Ananda’s family still had hopes their little girl would return

ANANDA Dean’s family had high hopes, after making arrangements to pay a ransom as well as sending $7,000 worth of phone credit to persons who claimed to be the abductors of the 11-year-old girl, that she would be happily reunited with them.

However, yesterday, although they could not identify the severely decomposed body as that of ‘their little angel’, the reality hit that they may never see her smile again.

Yesterday, the residents of Whitehall Avenue in Kingston, where Ananda lived part-time with her father and his family, rushed to the community of Belvedere in rural St Andrew, when news spread that her body had been found.

When her parents could not make a positive identification, their hopes slowly began to return as they milled around on the streets with sad blank stares.

Dozens of children huddled together waiting for some good news, especially since they had been told earlier that her parents heard her last Friday screaming in the background as they spoke to persons claiming to be her abductors.

An aunt of Ananda, who requested anonymity, told the Observer that the family was so sure she would have been returned to them, since they always complied with the supposed abductors’ requests.

She said they had become even more hopeful after one of the men who claimed to have abducted her, called and they heard Ananda in the background screaming in anguish for “Daddy, Daddy”.

Yesterday, the family said if it was Ananda that was found, then it can only be surmised that it must have been a recorded message which the ‘killers’ were playing.

“I know is she we hear screaming for Daddy Daddy like them doing something to her,” she said.

The aunt said she had made several trips to various points, as asked by persons claiming to be the abductors, as well as following up leads, many of which turned out to be pranksters.

She said she believed that the persons they sent the phone credit to were the ones involved, as they said things which seemed to suggest that they had more information than they were letting on.

“Every time them call they keep saying them going to meck har come home,” said the distraught woman.

The aunt said although the persons called from a private number all the time, one night they heard crickets chirping in the background which suggestewd the call was coming from a rural area.

She said on one occasion they were asked to pay a ransom of $30,000, however, they could hear someone in the background chastising the caller for making such a small demand.
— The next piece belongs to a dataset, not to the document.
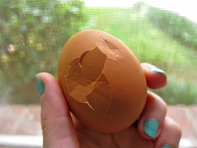 Use the back of a spoon to break the egg all over, making a fine meshwork of cracks. There is a membrane just under the shell that will hold all the pieces in place so don’t worry about breaking it apart, just don’t hit it so hard that you jam shell pieces down into the egg!

He then hung up and called back requesting half-million dollars.

The aunt said that she was instructed to meet with the ‘abductors’ at Emancipation Park in Kingston. However, when they turned up they were redirected to Parkington Plaza, also in Kingston, but Ananda was not there as promised.

She said they never involved the police as they were warned against doing so.
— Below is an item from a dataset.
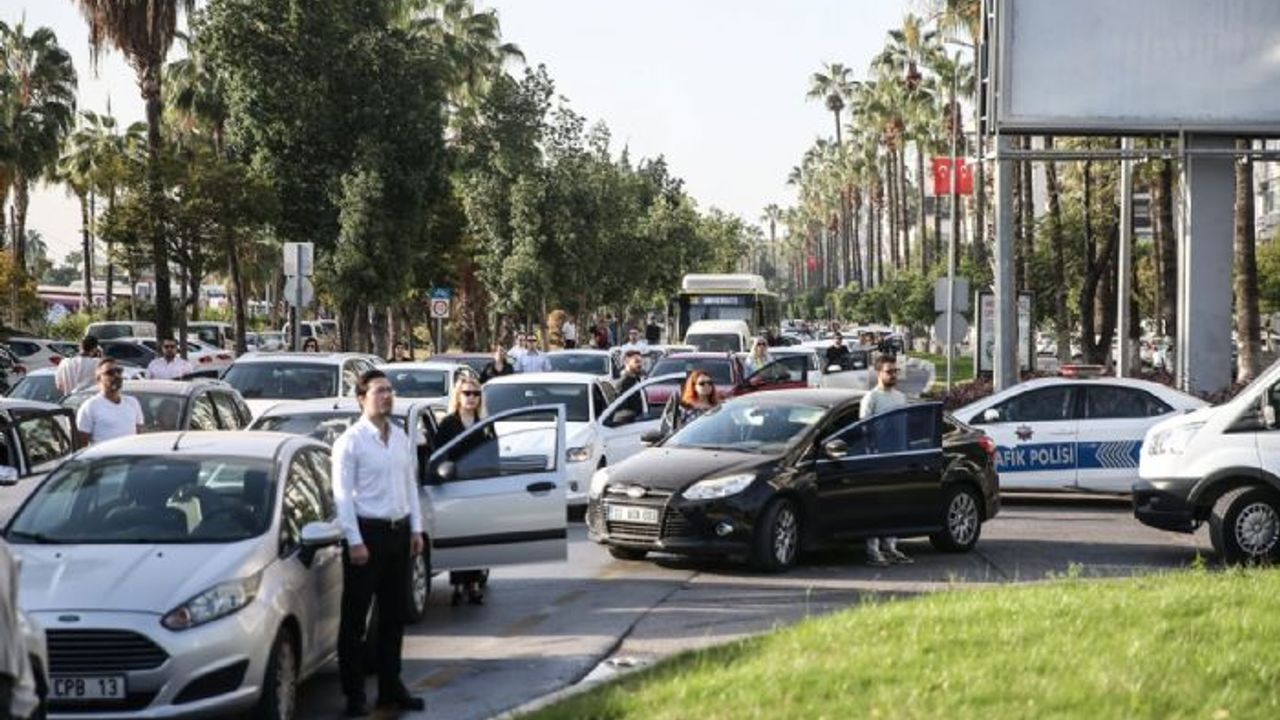 Mersin'de saatler 9'u 5 geçe, araç ve insan trafiği durdu.

Apart from this, she said they received several other calls during the 11 days that Ananda was missing, however most of them appeared to have been pranks.
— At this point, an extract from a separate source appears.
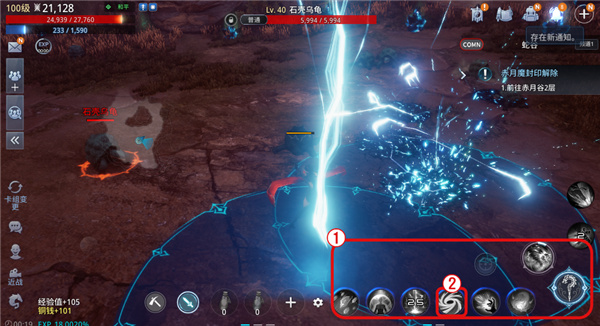 - 点击右下端攻击图标攻击近处的目标。 (PC使用F键)

“One day a lady call and a cry on the phone say she see her in a car with two men in a Mocho, Clarendon and that a gunshot just fired in the car. She sounded sincere because she call from her number and everything,” she told the Observer.

But when they went to the area they found out it was another prank call.

The nightmare continued when another man called to say that they had raped her and thrown her body in the May Pen Cemetery, located on Spanish Town Road.

Even yesterday relatives of the little girl said a woman from

Montego Bay visited Whitehall Avenue, wearing T-shirts and buttons with Ananda’s photos, saying that Ananda was dead, even before the body was discovered yesterday. The woman was held by the police for questioning.

But even though the relatives of Ananda Dean said they had kept the police out of the ‘negotiations’, they threw blame at the law officers, claiming that nothing had been done since she went missing.

“If we didn’t go and block the road we wouldn’t get anywhere because the police not giving us any information,” said one relative.

While residents held discussions about the missing girl, a group of children sat on the cold concrete of a sidewalk in Whitehall Avenue as they awaited news as to whether the badly decomposed body found earlier in the day was that of Ananda.